Excellent - if Bill Ayers is frowning I am smiling, since my worst fears are not being realized.
The EduWonk calls it "a good pick on several levels".
The Chi Trib has lots, including this biographical tidbit:
He returned to Chicago in 1992 to direct the Ariel Education Initiative for underprivileged children on the South Side. He led an effort to bring marquee academic programs—such as Advanced Placement classes, accelerated and gifted programs—to neighborhood schools long viewed as academic backwaters.

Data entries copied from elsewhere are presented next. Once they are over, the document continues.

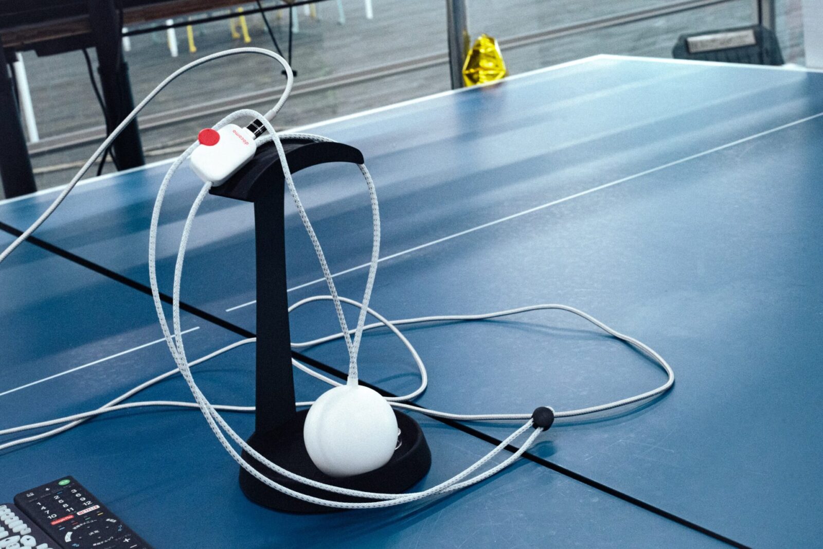 e-Rubberという特殊なゴム素材を駆動することで、右の人の脈動を、緑の風船を通じて感じることができる。KMDと豊田合成株式会社との共同研究により開発された
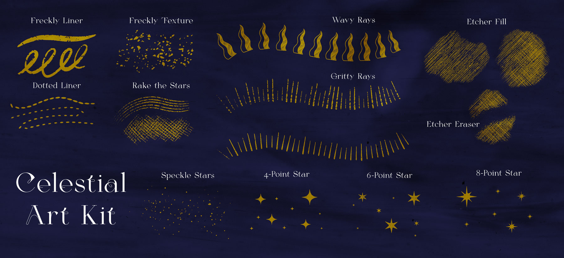 A set of 13 vintage brushes perfect for making engraving-style, celestial-inspired art in Procreate. Learn how to make elegant art with these brushes by taking our Celestial-Inspired Sun Illustration course.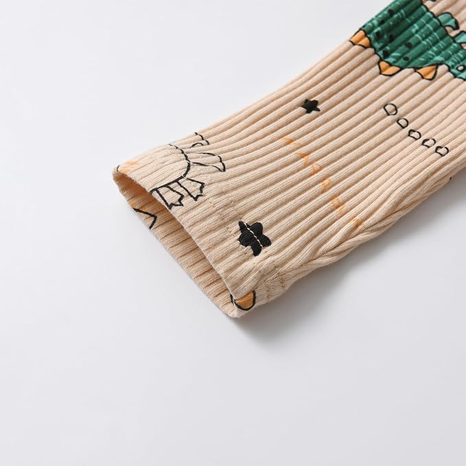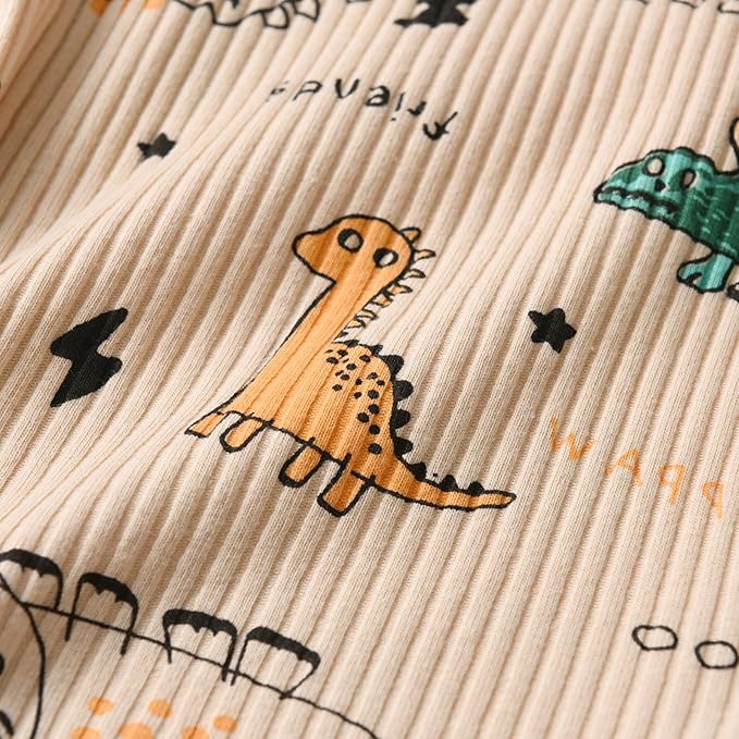 • Adorable Ribbed Dinosaur Print Design: Features cute dinosaur patterns on textured ribbed fabric, creating a playful yet sophisticated look perfect for photos and everyday adventures.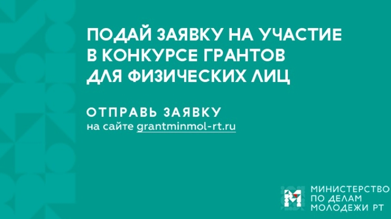С сегодняшнего дня и до 11 января на сайте grantminmol-rt.ru можно принять участие в конкурсе грантовой поддержки молодежи. В отличие от всех подобных республиканских конкурсов, на этот раз, чтобы получить грант, вовсе не обязательно представлять какую бы то ни было общественную организацию: гранты получат физические лица – молодые люди в возрасте от 18 до 30 лет.
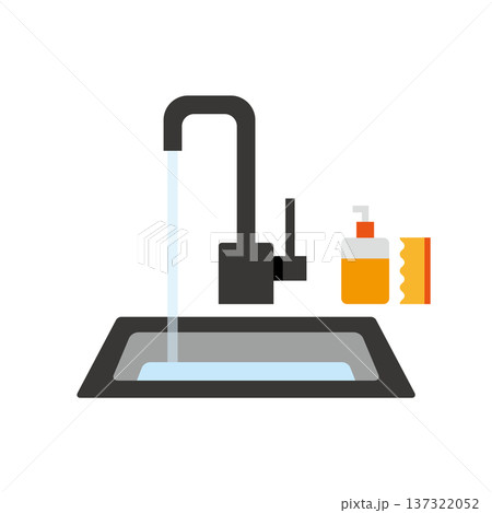 黒蛇口シンクにスポンジと水が流れるフラットイラスト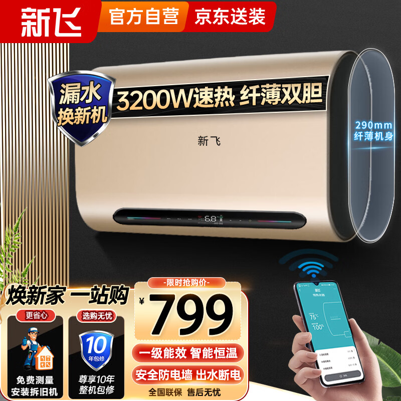 新飞电热水器家用储水式手机遥控预约60升一级能效3200W节能速热出水断电卫生间淋浴DSZF-B301-60L耀金价格:799.00元!

Obama was chairing the Chicago Annenberg Challenge for several years starting in 1996 so the two could have met then, but the tax returns of the CAC don't show any money given to Ariel (on which, a bit more below). Well, since Duncan was a deputy chief of staff to the school commissioner in 1998 they two men should have met then.
Alexander Russo wrote about Obama's school days in Slate.
BOOING FROM THE RIGHT AND LEFT: I would urge Ms. Zanotti, the American Princess, to read the Russo article and reflect. The great debate in Chicago was about the relative power of Local School Councils vis a vis the central authority of the mayor and the school commissioner. Duncan was on the opposite side of this debate from Ayers and Obama (Ayers thought, sensibly enough, that it would be easier to co-opt individual councils than the whole city). In fact, here is how Russo covered this:
Obama's links to local school councils began more than 20 years ago, when they were first being created. His South Side community organizing group, the Developing Communities Project, supported the 1988 reform act that created the councils. A decade later, when Obama was a second-year state senator, he served on the board of several local education foundations that had supported the councils and chaired the board for the Chicago Annenberg Challenge, a $50 million philanthropic effort that supported local control.
In 1999, hard-charging schools chief Paul Vallas went to the Illinois Legislature to win more control over principal hiring and firing. Vallas headed the Chicago schools between 1995 and 2001. His get-tough initiatives—mandating summer school for students who failed end-of-year exams, for example—got glowing press coverage and earned him not one but two mentions in President Clinton's State of the Union speeches.
Vallas wanted to make sure in 1999 that his precious cadre of experienced principals wouldn't continue to get bounced out of their schools for no good reason. In particular, he wanted to limit the LSCs' power to dismiss principals at the end of their four-year contracts.
Obama was uniquely well-placed to take the lead in mediating this battle. He had a relatively strong background in community and education issues. He was friends and pickup-basketball buddies with Arne Duncan, who was then in charge of magnet schools (and has since taken over Vallas' job). Obama also knew Vallas, who liked him. Then, as now, he was considered a politician who could unify people and resolve challenging conflicts. And in a racially charged debate like this one—Vallas was a tall white guy who sent his kids to parochial school—it didn't hurt that Obama was black.
In fact, Obama did little, but the main point is, he has backed the other side with this appointment.
From the left, if Mike Klonsky is sad, can't righties smile a bit? Mike Klonsky is an old SDS bud of Ayers, and we are hat-tipping our own JM Hanes for the cue. No reaction from blogger Bill Ayers yet.